Exactly!!! I totally agree!! It's hard to find other owners who are willing and patient enough... 



doggiedad said:


> there's no problem with a GSD or any other
> dog wanting to play with other dogs. i think
> the problem is the owners of the lunging
> dogs don't train or socialize enough
> or correctly. you said your dog has lunged (to play)
> at dogs since she was 10 weeks old. now
> your dog is 6 months and still lunging. i
> think a lot of training and socializing around
> dogs will help.


I agree and have tried to socialize Draco... But, as I stated above, there aren't many owners out there willing to help. I'm afraid to take him to the dog park as we've only had him a little over a month and has great recall at home with no distractions but I don't know what to do when we're around other dogs. 



billsharp said:


> I had this exact problem with Liesl at about age 6 months. I watched reactive dog videos and Cesar and here's what I did, which worked.
> 
> The dog needs to learn on a walk that it is to focus on you and your desires, period. Unfortunately, IMHO, the distraction of another dog is the single most attractive distraction there is for a dog on a walk, other than possibly a squirrel.
> 
> Use a pinch or prong collar, whatever works to get your dog's undivided attention. No treat is as compelling to a dog as meeting another dog is, so forget the " calm down and reward" technique. (Would you opt for eating a piece of hamburger over meeting that hot new neighbor who just moved in? I thought not.)
> 
> Be aware of dogs walking ahead of you, and keep an eye on your dog as you continue to approach. The MOMENT your dog sees that other dog and her ears prick up, correct her firmly with the chain. If you wait too long she'll be fixated; if you time it right she will associate her interest in the other dog with the unpleasant correction. Find a verbal command to use with the correction (I use "me.")
> 
> Your dog should look at you when this happens, like "What the heck?" PRAISE your dog for looking at you then but keep moving steadily forward. Your dog will likely then look back at the other dog and attempt to ear focus again. You must instantly REPEAT--correct the dog, and praise it for looking up at you. Keep walking toward the other dog, keep correcting, do NOT let your dog focus on the other dog. The idea is that you and your chain are a bigger distraction than the other dog is. Pass it by and keep on doing this until you leave the "zone of interest." Once your dog relaxes and resumes its normal walking posture you can relax until the next dog encounter. Remember to praise your dog--meeting another dog should be a positive experience, but it must be per your terms, not your dog's.
> 
> The first several times you do this your dog may be resistant and insistent on ramping up interest in the other dog. If so, REVERSE your course immediately and firmly so you are walking away from the dog. Reverse again, and again, and again -- the idea is that your dog is confronted with a choice between following his instinct and focusing on the other dog or keeping up with you and your constant correction and reverses. If you are firm and insistent you will win this battle for his attention. If you reward with praise he will learn that focusing on you rather than other dogs is a good thing.
> 
> You need to test this as often as possible so do not avoid walking by other dogs. Seek out opportunities to walk approaching them so you work this as many times as possible on each walk.
> 
> My apologies to the "positive only" people, and I welcome posting of a "positive only" solution to your problem. All I can say is this worked for me in about 1-2 days. We can now approach other dogs on leash, face-to-face, with no lunging, and I rarely have to reinforce this training.
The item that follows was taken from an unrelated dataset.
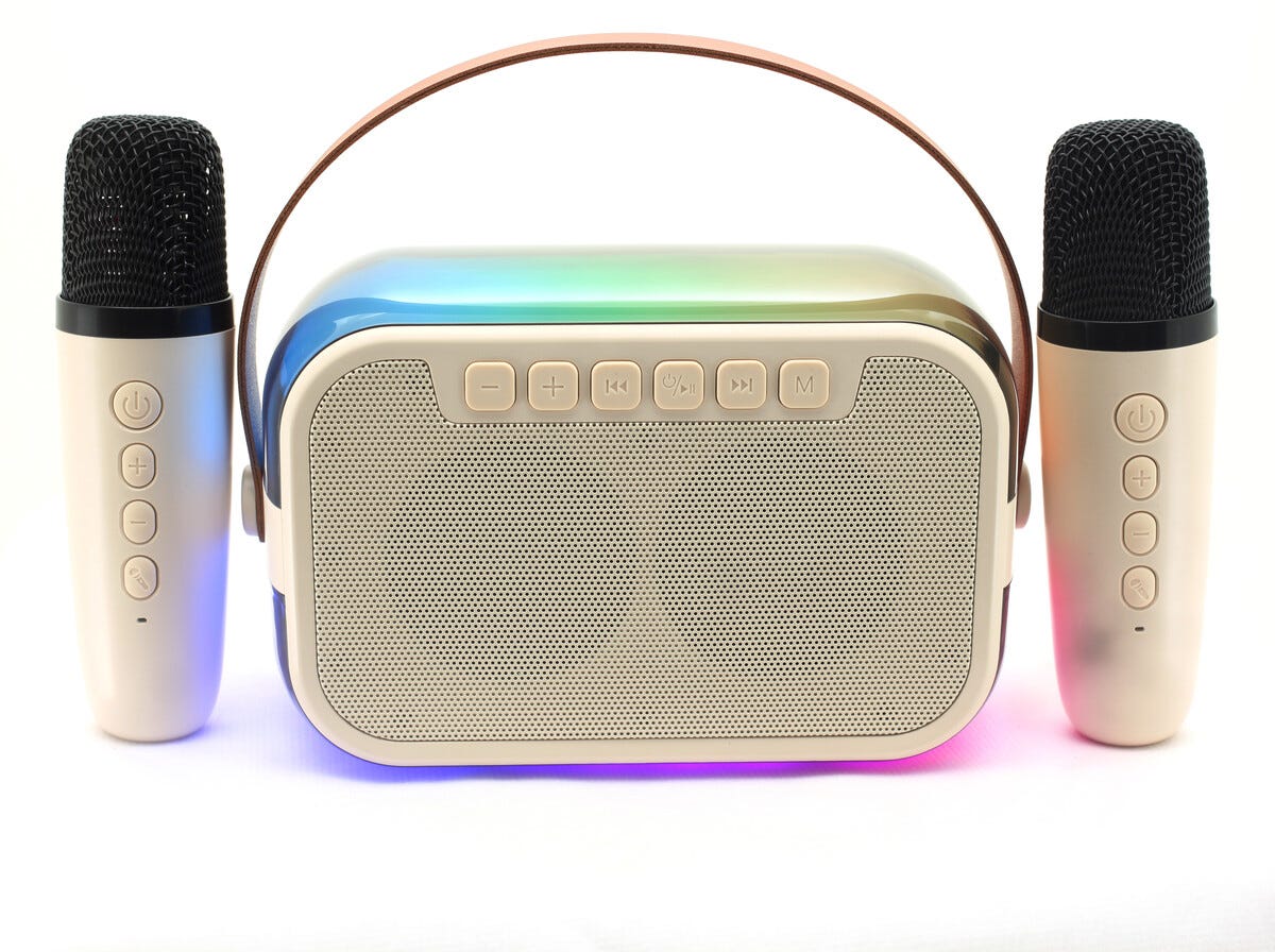 Karaoke højttaler med 2 trådløse mikrofoner Beige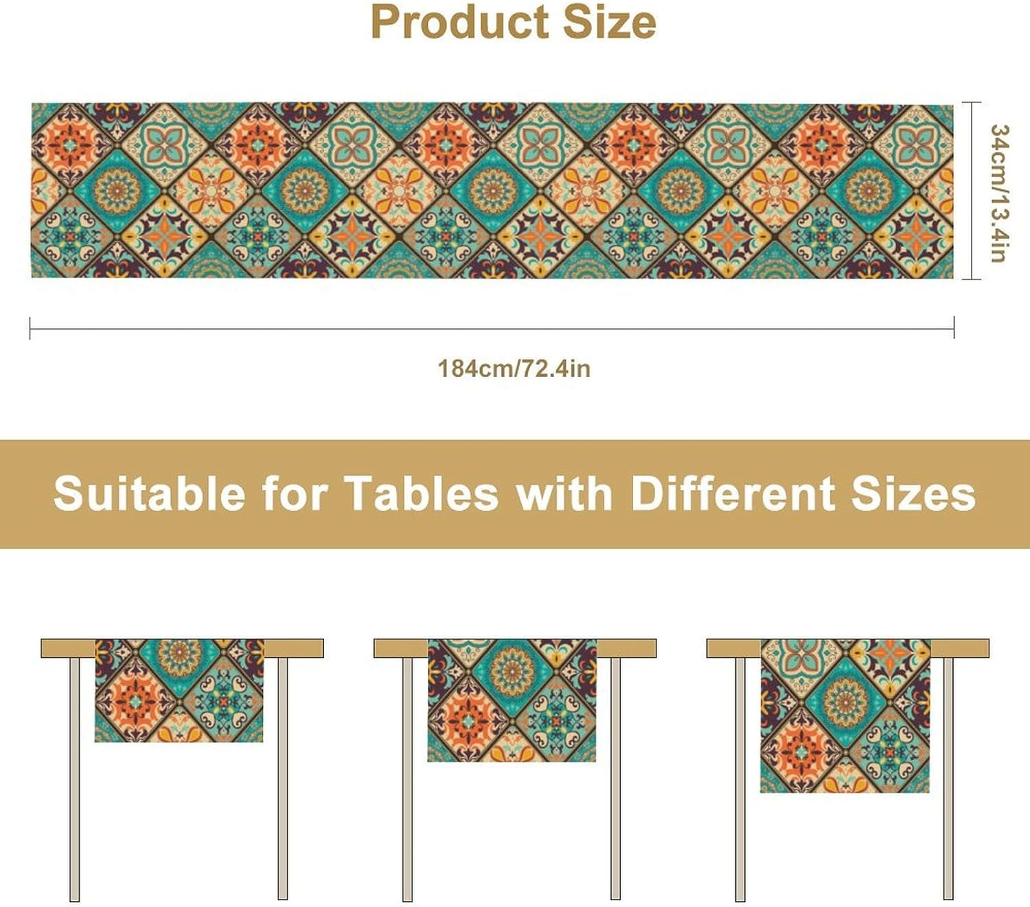 Applicable scenarios: You can place it anywhere you want, it can be used as a placemat, party decoration, kitchen, dining table, living room, picnic, barbecue and other places. It is also a good choice. Tips: There are 6 lengths for you to choose from, and manual measurement may have a 1-2cm error. Please carefully check the measuring table before purchasing this product. If the length you want is not available here, please contact us and we will customize it specifically for you. Product sizes include: 13x16 inches, 13x60 inches, 13x70 inches, 13x90 inches, 13x108 inches, and 13x185 inches.

Thank you for the wonderful tips! I'll be trying this on our next walk! One question - when you say reverse again and again, is this with the same dog approaching? I try reversing when I see another dog approaching, but Draco just turns and keeps focuing on the dog so I don't know if going in circles would work? I will try it though!  Thanks!!


----------



## summerronk

Bill - Thanks for this post.... It has been a week since my original post -- no progress yet... It is frustrating for me because every other problem she had (such as nipping, etc.), I was able to rather quickly find what worked to solve it, and then the consistency eventually cured it. With this whole lunging on walk issue, I cannot find one way to solve it yet!! I took her to the pet store the other day, and there were about 10 other dogs there, and she was oblivious to the other dogs! ha ha. But it was because the experience is overhwhelming, she wasn't interested on focusing or playing with the other dogs. Yet on the WALK, when she sees that other dog from afar, it is just a nightmare to remove her fixation. What is REALLY frustrating is that since she was nine weeks old, I have had her around other dogs CONSTANTLY! And now, at six months, she suddenly has this fixation issue.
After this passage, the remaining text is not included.